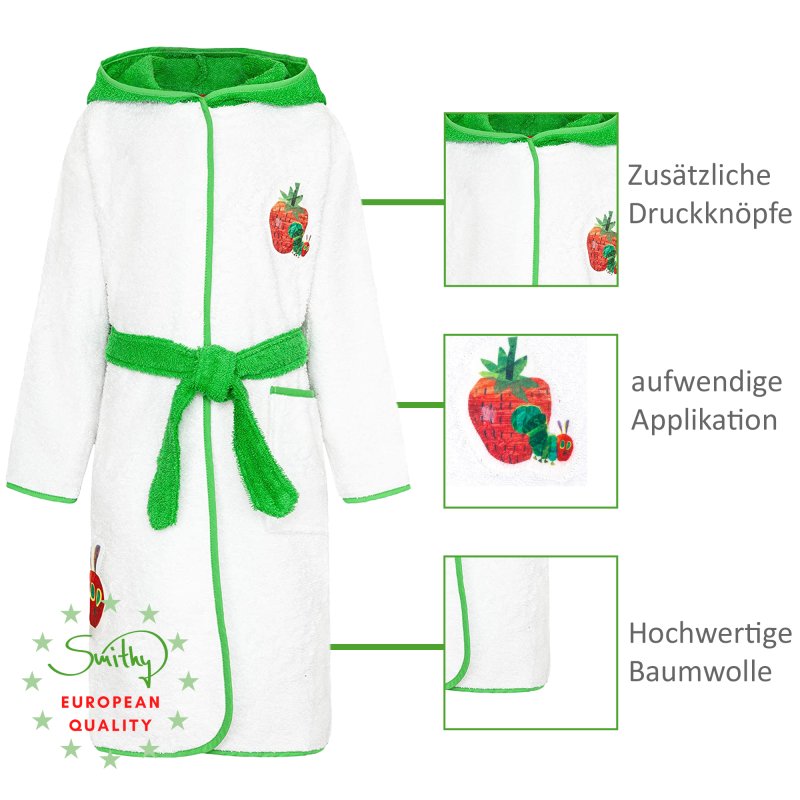 Der kuschelige Kinderbademantel mit der bekannten Raupe Nimmersatt ist aus hochwertigem Frottee gefertigt.
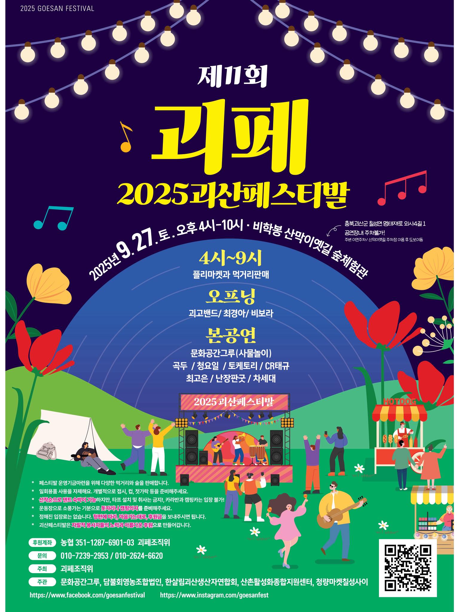 9월 27일 괴산페스티벌(“제11회 괴산페스티발”) 정보는 아래와 같아요
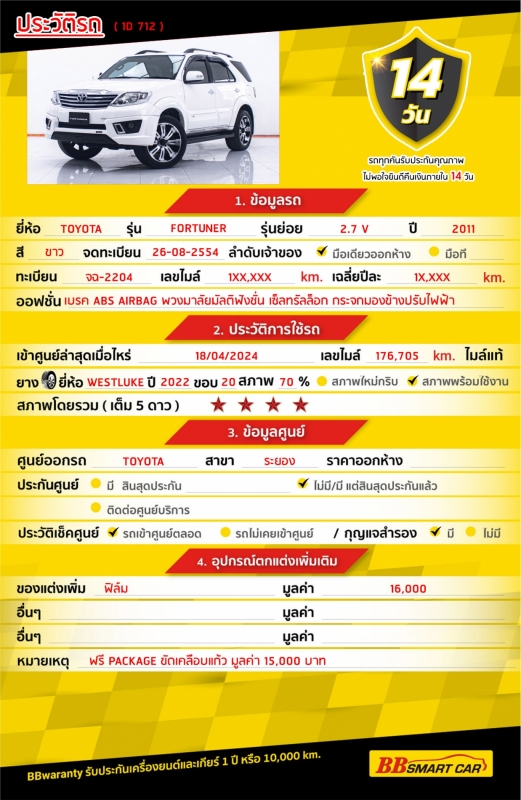 - BB Care Plus รับประกันหลังการขาย สูงสุด 2 ปี หรือ 20,000 km.
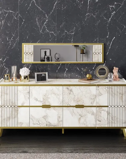 Buffet Kiev noyer/marbre blanc - 160x78x35 cm
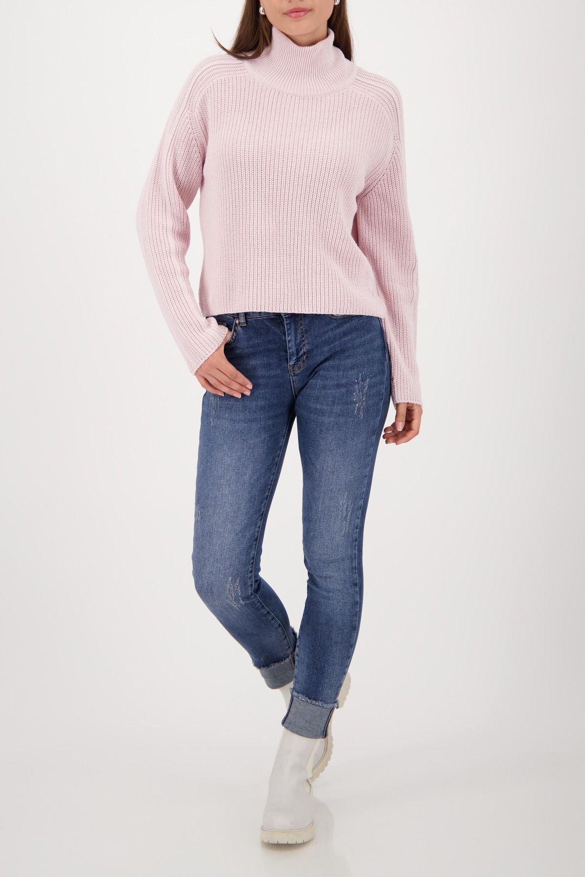 Eleganter Strickpullover aus einer hochwertigen Baumwolle mit Perlfangmuster und einem stilvollen Stehkragen – perfekt für selbstbewusste Looks.
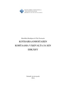 Opinnäytetyön aiheeksi valittiin kotisairaanhoitajien kohtaama väkivalta ja sen ehkäisy. Aihe on ajankohtainen ja tärkeä työhyvinvoinnin ja työssä jaksamisen kannalta. Tutkimuksessa kuvaillaan fyysistä ja psyykkistä väkivaltaa sekä seksuaalista häirintää. Lisäksi tutkitaan, millaista väkivaltaa ja kuinka paljon kotisairaanhoitajat kohtaavat työssään. Tutkimusaineiston keruu toteutettiin kyselylomakkeella. Aineisto analysoitiin induktiivisella sisällön analyysillä sekä laskemalla vastauksien määrät manuaalisesti.
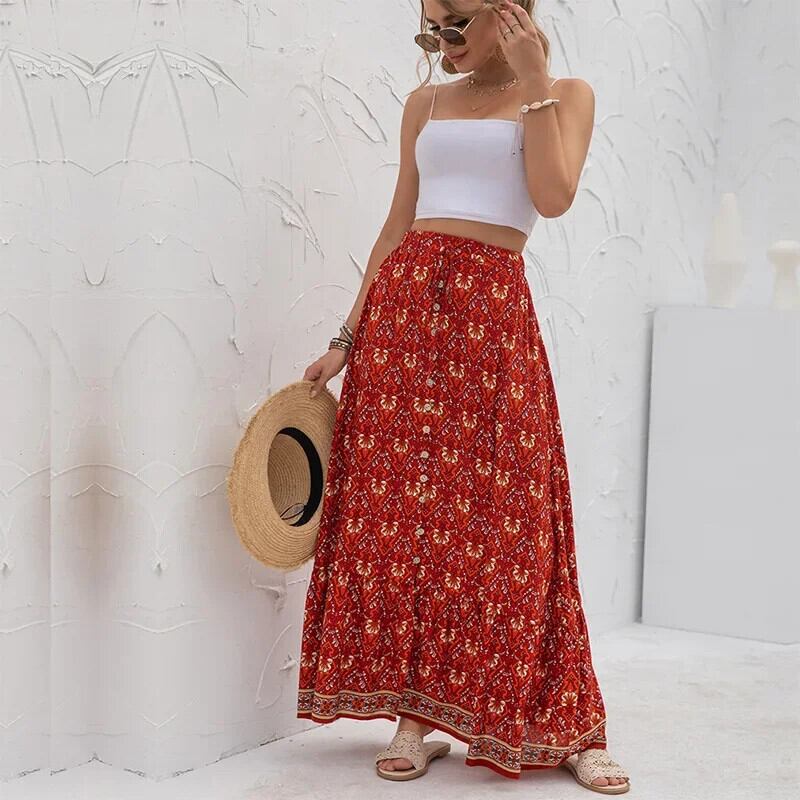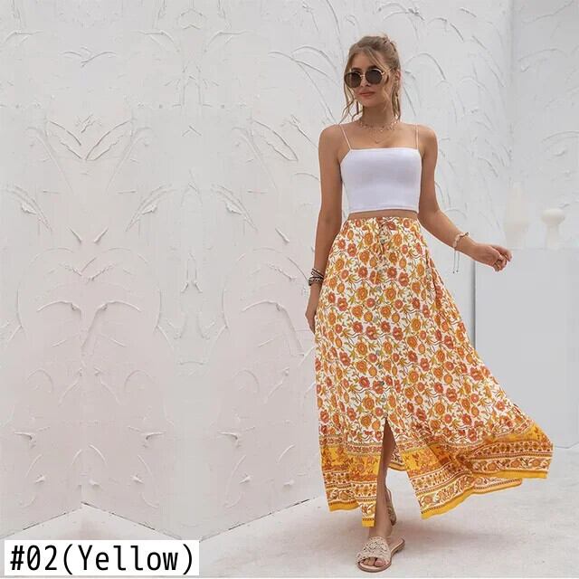 送料無料 アパレル 夏花柄シフォンビーチスカート 2021 女性ヴィンテージスリットウエストサンドレス女性ボヘミアン休暇ロングスカート サマー 夏物 ビンテージ AE122232222532729783
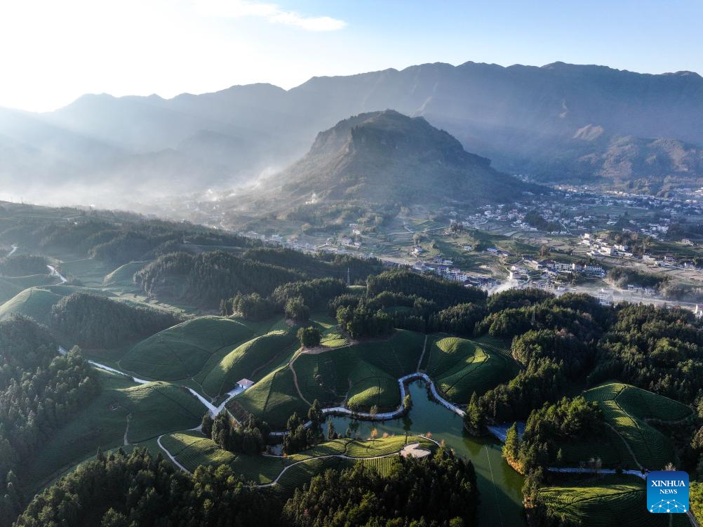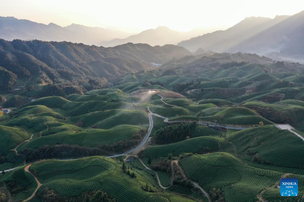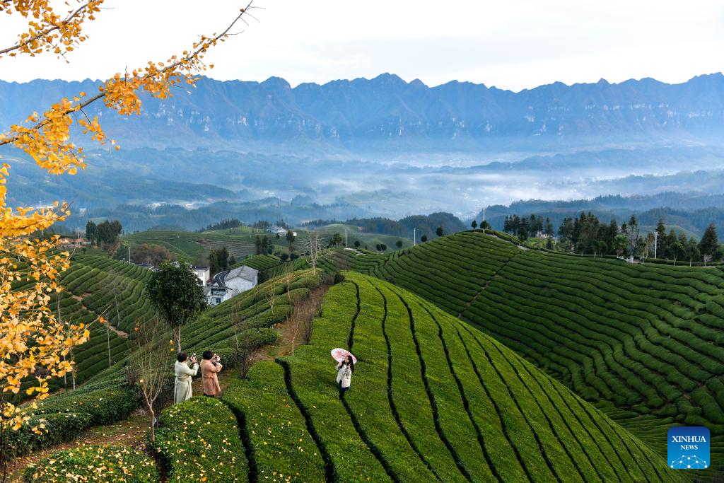 Tourists visit a tea garden in Zouma Township of Hefeng County, Enshi Tujia and Miao Autonomous Prefecture, central China's Hubei Province, Dec. 6, 2023. (Xinhua/Yang Wenbin)
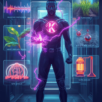 A tall, violet-charged cannon warrior with explosive power. Faster and more reactive than Sodium, he channels immense bursts of energy and drives life’s electrical rhythms.
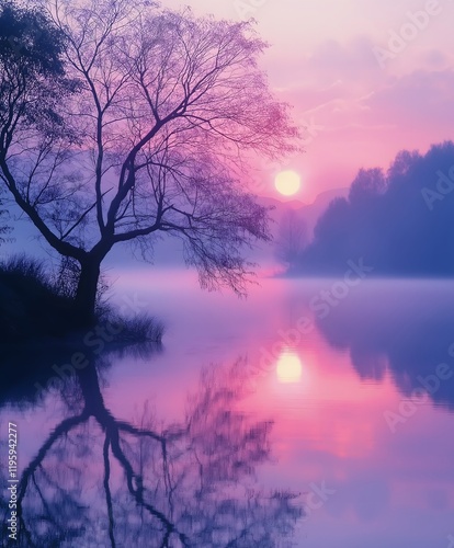 Fototapeta premium Tranquil Misty Morning: Serene Reflection of Silhouette Trees at Dawn Over...
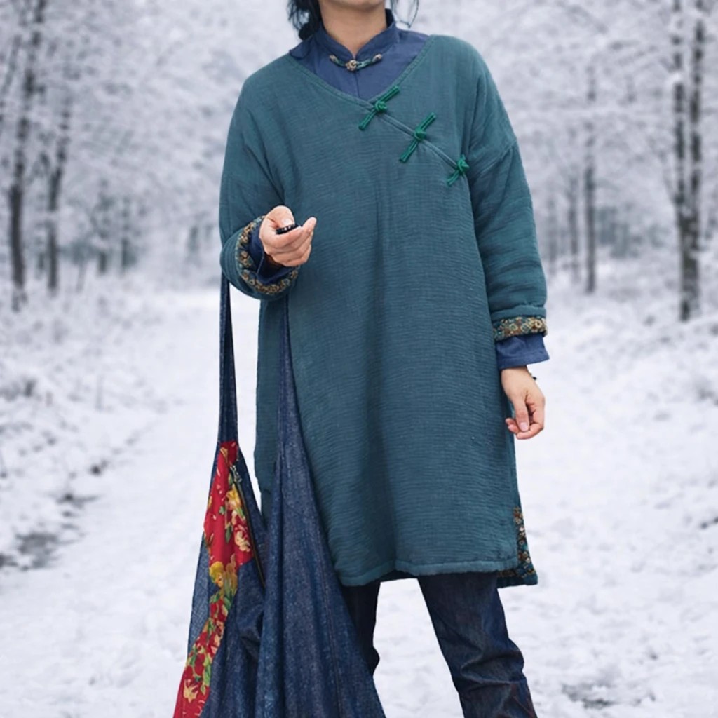 Confectionné dans un mélange équilibré de coton et laine, ce manteau bénéficie d’une double couche de haute qualité associée à une doublure en fibres naturelles de coton. Il offre ainsi une excellente protection contre le froid tout en restant respirant et agréable à porter. Sa fermeture latérale par boutonnage renforce son caractère authentique et sa polyvalence, aussi bien pour l’intérieur que pour l’extérieur. Un vêtement idéal pour une allure zen, chic et écoresponsable.

---*---

• Exercise brief:
With the pictures omitted, print the lines above exactly, beginning at the line with "- BB Care Plus" and going on through the line with "Eleganter Strickpullover aus".

• Response below:
 - BB Care Plus รับประกันหลังการขาย สูงสุด 2 ปี หรือ 20,000 km.
 Buffet Kiev noyer/marbre blanc - 160x78x35 cm
 Eleganter Strickpullover aus einer hochwertigen Baumwolle mit Perlfangmuster und einem stilvollen Stehkragen – perfekt für selbstbewusste Looks.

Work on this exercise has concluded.